데이터를 좀 더 가우시안 분포처럼 보이기 할 수 있는 방법을 설명합니다. 옥타브 프로그램에서 실제 데모를 보여 드리겠습니다. 이미 옥타브 프로그램에 수천 개의 예제를 가진 피처 셋을 업로드했습니다.

size(x) % 데이터의 크기를 확인

hist(x) % 데이터의 히스토그램을 도식화

So there's my histogram. By default, I think this uses 10 bins of histograms, but I want to see a more fine grid histogram. So we do hist to the x, 50, so, this plots it in 50 different bins. Okay, that looks better. Now, this doesn't look very Gaussian, does it?

기본적으로 10개의 히스토그램 막대를 사용합니다. 더 정밀하게 히스토 그램을 보기 위해 50개의 막대를 사용합니다.
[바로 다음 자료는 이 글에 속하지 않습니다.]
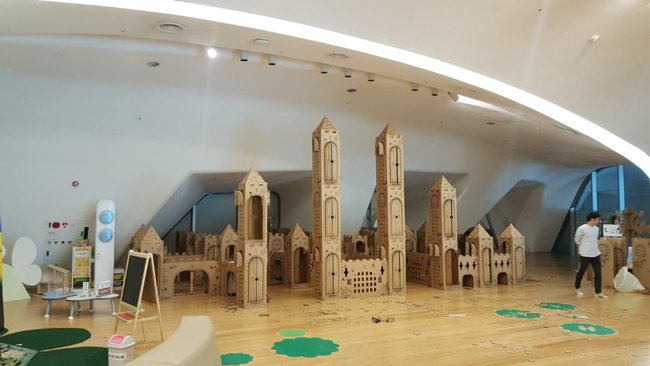 놀이와 디자인, 놀이와 교육의 융합, 신나는 감각놀이가 있는 디키디키(동대문 디자인플라자 배움터 4F)초대형 골판지 메가캐슬 미로 설치ANBOX 아트보드시리즈는 아이들의 창의력 개발을 위해 만들기와 그리기의통합적인 조형과정과 놀이를 접목한 새로운 개념의 플랫폼 토이입니다.
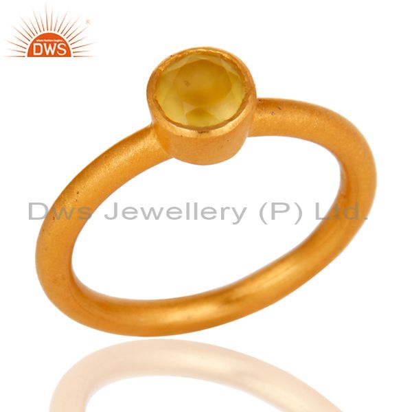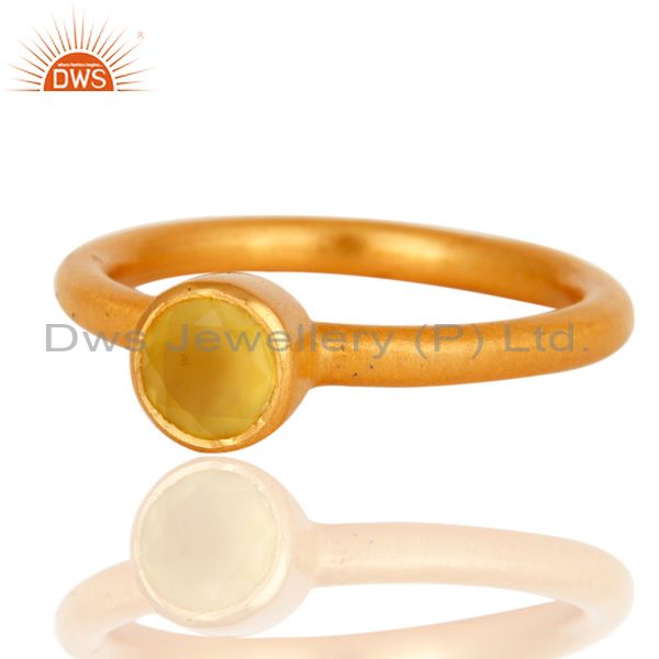 18K Yellow Gold Plated Sterling Silver Yellow Chalcedony Gemstone Stacking Ring

hist(x, 50) % 데이터를 50개의 막대로 히스토그램을 도식화

훨씬 보기 좋습니다. 하지만, 가우시안 분포로 보이지 않습니다.

So, lets start playing around with the data. Lets try a hist of x to the 0.5. So we take the square root of the data, and plot that histogram.And, okay, it looks a little bit more Gaussian, but not quite there, so let's play at the 0.5 parameter.

그래서 데이터를 변환합니다. 데이터 x에 제곱근을 취하고 히스토그램을 그립니다.

hist(x^0.5, 50) % 데이터를 50개의 막대로 히스토그램을 도식화

조금 더 가우시안 분포처럼 보이지만 그다지 확실하지 않습니다.

Let's see. Set this to 0.2. Looks a little bit more Gaussian.

데이터 x에 0.2 승을 하고 히스토그램을 그립니다.

hist(x^0.2, 50) % 데이터를 50개의 막대로 히스토그램을 도식화

훨씬 더 가우시안 분포처럼 보입니다.

Let's reduce a little bit more 0.1. Yeah, that looks pretty good. I could actually just use 0.1.

데이터 x에 0.1 승을 하고 히스토그램을 그립니다.

hist(x^0.1, 50) % 데이터를 50개의 막대로 히스토그램을 도식화

훨씬 더 가우시안 분포처럼 보입니다. 이 값을 사용할 수 있을 것입니다.

Well, let's reduce it to 0.05. And, you know? Okay, this looks pretty Gaussian, so I can define a new feature which is x mu equals x to the 0.05, and now my new feature xNew looks more Gaussian than my previous one and then I might instead use this new feature to feed into my anomaly detection algorithm.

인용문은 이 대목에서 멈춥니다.